TASK DIRECTIONS — Begin with the opening line of the records and extract each line through the one holding "CAPITAL CASE No."; pictures are not part of the copy.

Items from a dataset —
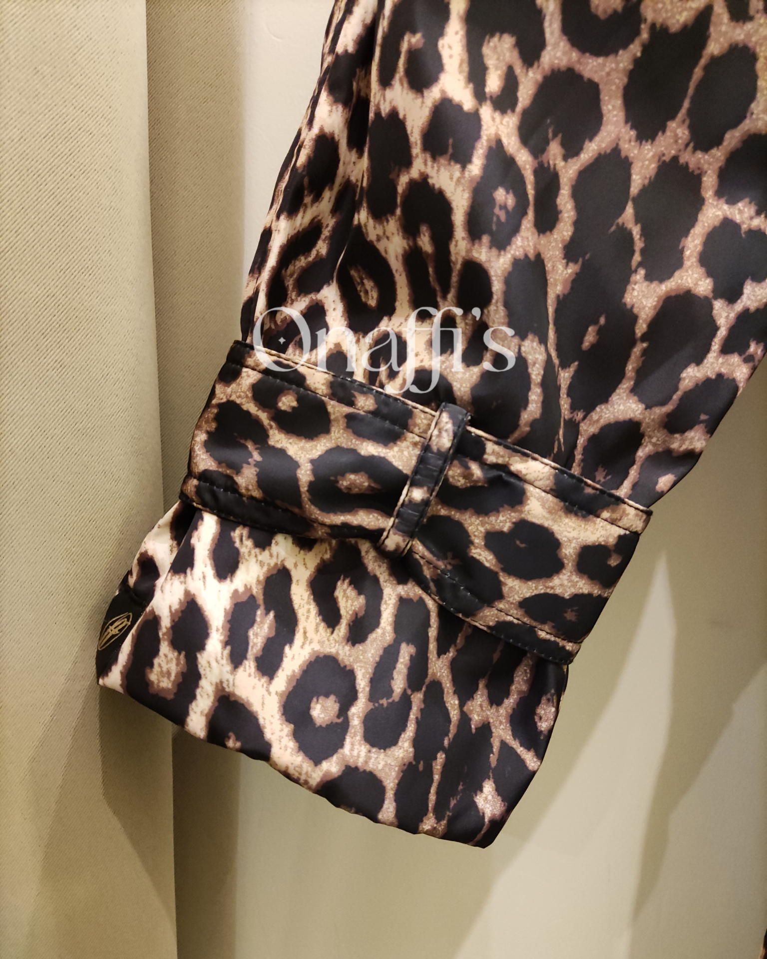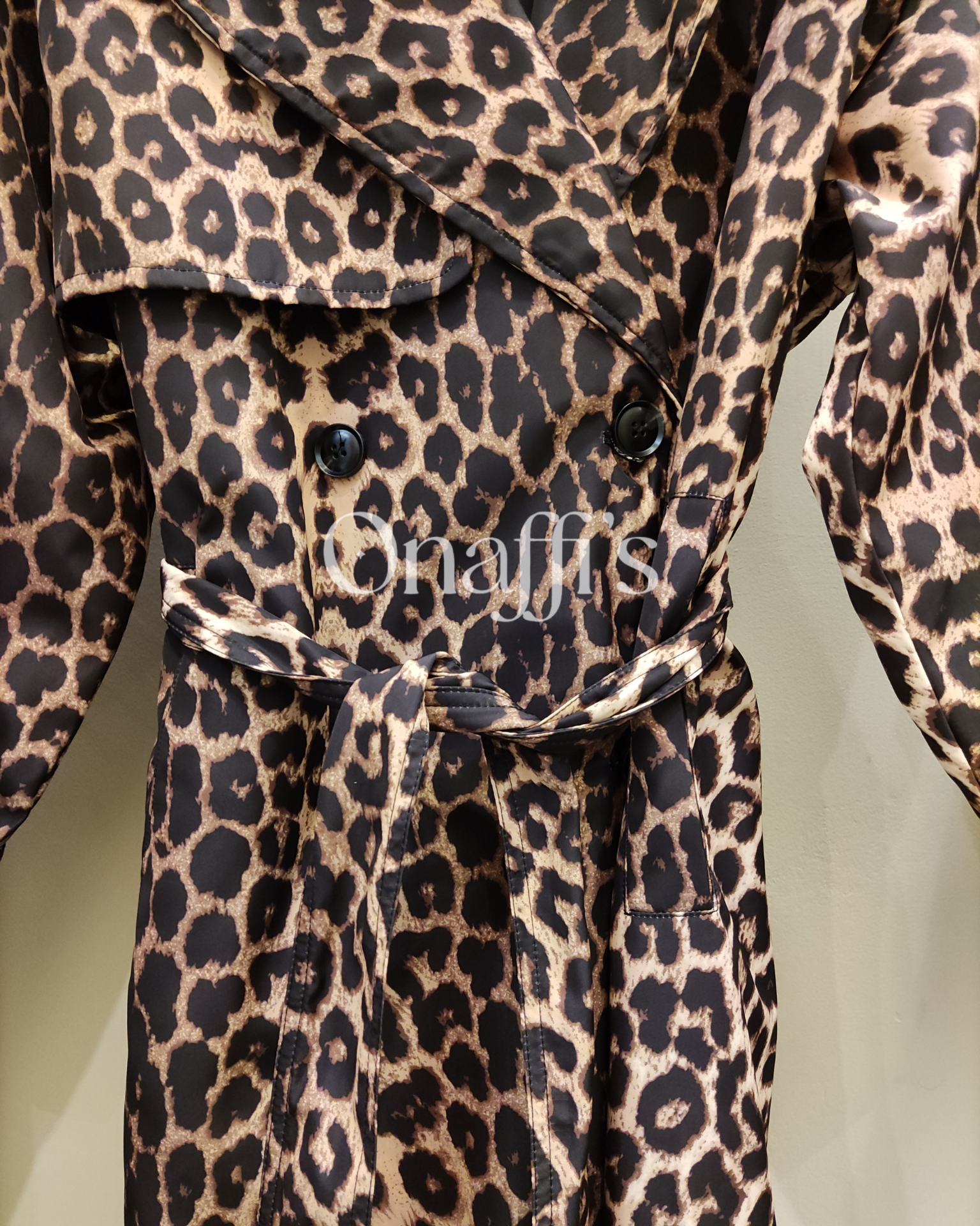 Gabardine com print animal, com cinto na zona da cintura que favorece a silhueta, detalhe de cinto também nos punhos e abotoamento trespassado duplo.
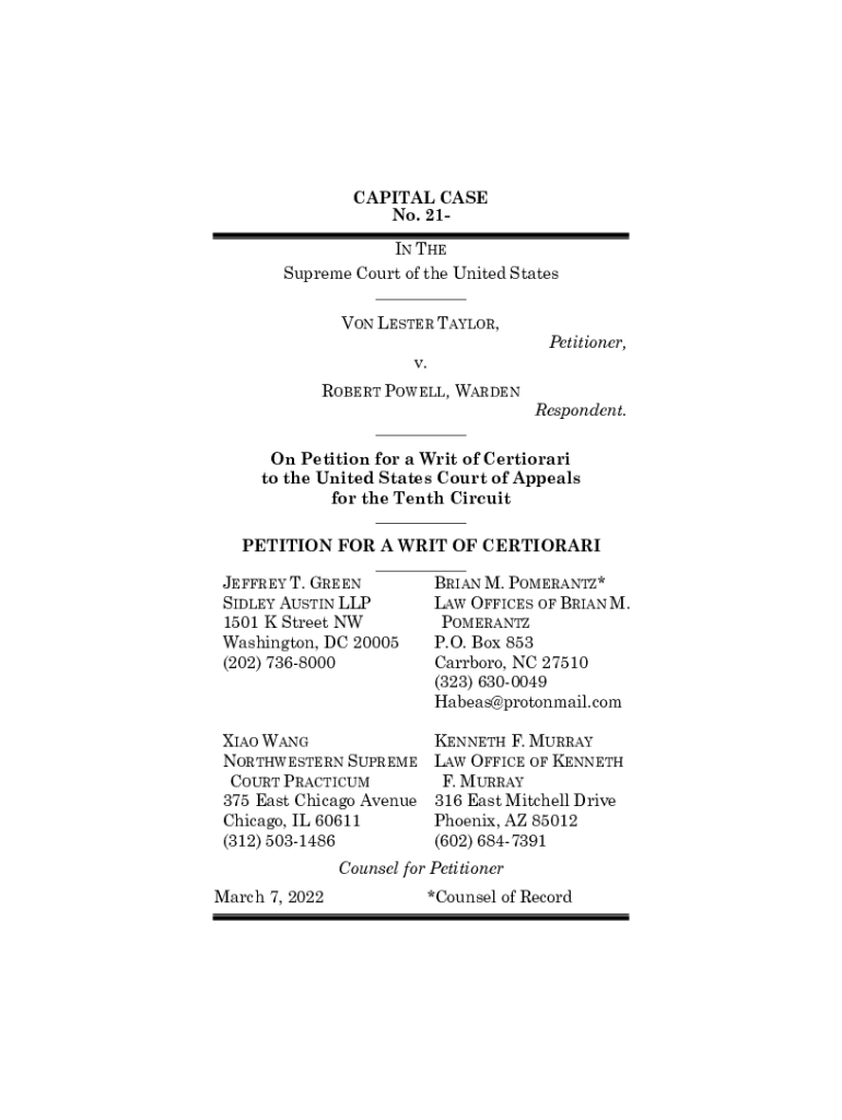 CAPITAL CASE No. 21IN THE Supreme Court of the United States ___ ON LESTER TAYLOR, v. ROBERT POWELL, WARDEN ___Petitioner, Respondent. On Petition for a Writ of Certiorari to the United States Court
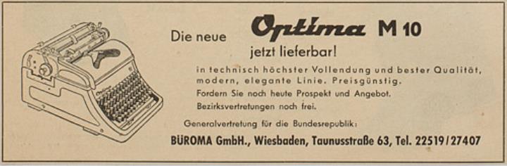 Werbeanzeige für Schreibmaschine Optima monochrom
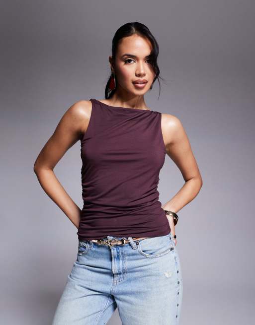 Tala - 365 - Top froncé à encolure bateau - Lie-de-vin
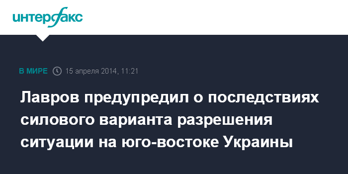 Лавров предупредил о последствиях силового варианта разрешения ситуации на юго-востоке Украины
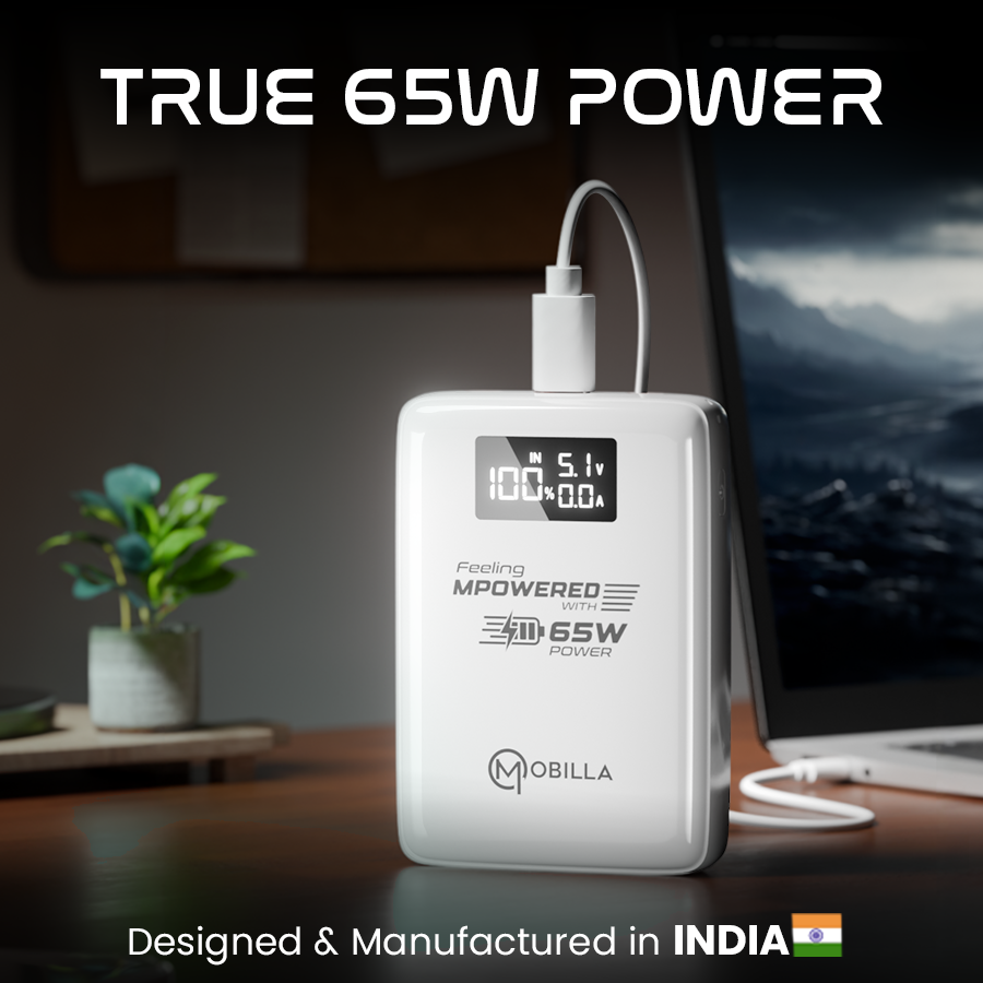 Power, reimagined the MPower Z1 blends performance and precision in a way that elevates your everyday essentials. With a refined form and robust internals, this 15000mAh power bank delivers up to 65W output, designed to handle everything from your phone to your laptop with remarkable speed and stability. It’s the kind of fast charging power bank that keeps pace with how you move, work, and create. More than just a portable power bank, the Z1 is engineered for versatility. With dual Type-C ports, a USB-A charging port, and quick charging input, it adapts seamlessly to your tech ecosystem—making it a true multi-device power bank. The LED display adds a modern touch, offering real-time insights into output and battery levels, while the trusted ReALmAh™ Battery and multi-layered protection ensure consistent, safe performance. Whether it’s a last-minute meeting or a long journey ahead, this travel power bank delivers quietly, yet powerfully. Subtle in design, bold in performance it fits right into the world of those who prefer premium without the need to say it. So whether you’re exploring options for a laptop power bank, a universal power bank, or simply searching for the best power bank, the Z1 stands tall proving that smart power can also look the part.

FINISHED EXERCISE —
 Gabardine com print animal, com cinto na zona da cintura que favorece a silhueta, detalhe de cinto também nos punhos e abotoamento trespassado duplo.
 CAPITAL CASE No. 21IN THE Supreme Court of the United States ___ ON LESTER TAYLOR, v. ROBERT POWELL, WARDEN ___Petitioner, Respondent. On Petition for a Writ of Certiorari to the United States Court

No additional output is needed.